Эдвин Шнейдман - Душа самоубийцы
В то время, хотя я стремилась довольно редко бывать в домах как матери, так и отца, мне казалось необходимым придумать нечто, что отвлекло бы меня от гнета постоянных семейных скандалов. Решение пришло от парня, с которым я встречалась и думала, что люблю. Он как-то сказал, что мне неплохо бы похудеть фунтов так на пять. Я поверила ему, поскольку очень хотела разобраться, отчего у меня так плохо на душе и, возможно, исправить положение. Имея рост 5 футов 4 дюйма (160 см) и вес 120 фунтов (54 кг), я начала придерживаться диеты. Она и в самом деле дала мне многое, к чему я так стремилась: внимание, контроль, уверенность в себе и ощущение порядка. Тогда я и не предполагала, что все закончится серьезным расстройством аппетита, анорек-сией, которой я страдаю по сей день.

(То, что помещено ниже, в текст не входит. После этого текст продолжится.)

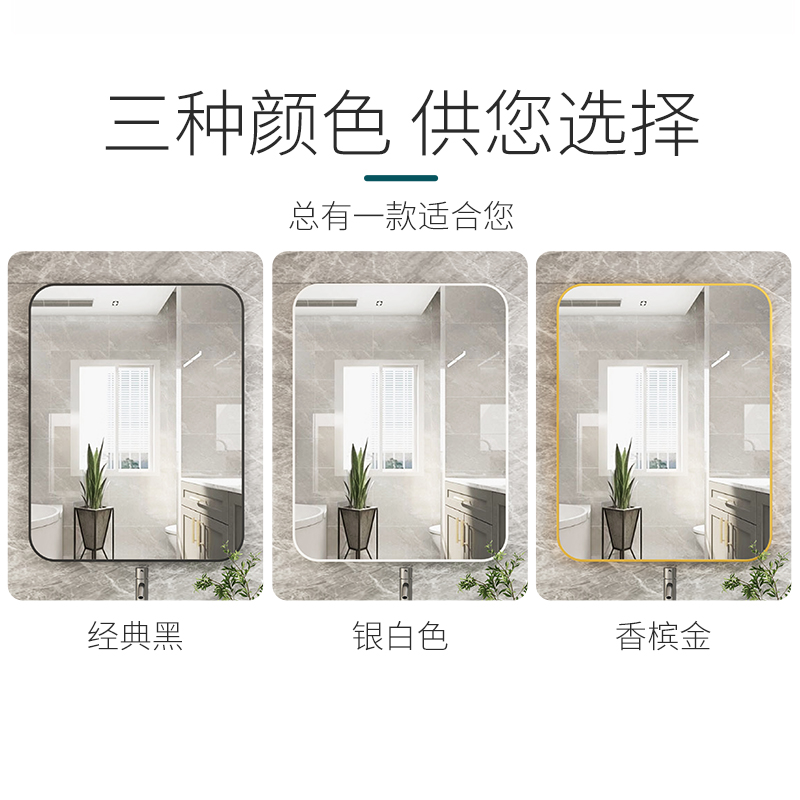 镜子洗手台梳妆镜壁挂式 卫生间厕所贴墙自粘免打孔化妆洗脸玻璃镜

Парень же, совет которого послужил толчком к развитию у меня анорексии, на следующей неделе решил, что настало время прекратить наши встречи. Внезапно он прервал все отношения со мной. Сразу после этого разрыва меня буквально захлестнули волны боли, разлившейся по моему телу. Никогда до этого я не испытывала такой ужасной боли, и не представляла, как можно с ней справиться. Дома, в полнейшем одиночестве, я в панике металась по комнатам, терзаемая водоворотом чувств, бурливших в моем теле. Все кончилось тем, что я, взяв кухонный нож, изрезала себе все руки. Возникшая физическая боль, очевидно, помогла мне отвлечься от душевных страданий, кроме того, я беспокоилась о том, как бы не испачкать кровью ковер. Я отчетливо помню, что тогда мне хотелось умереть.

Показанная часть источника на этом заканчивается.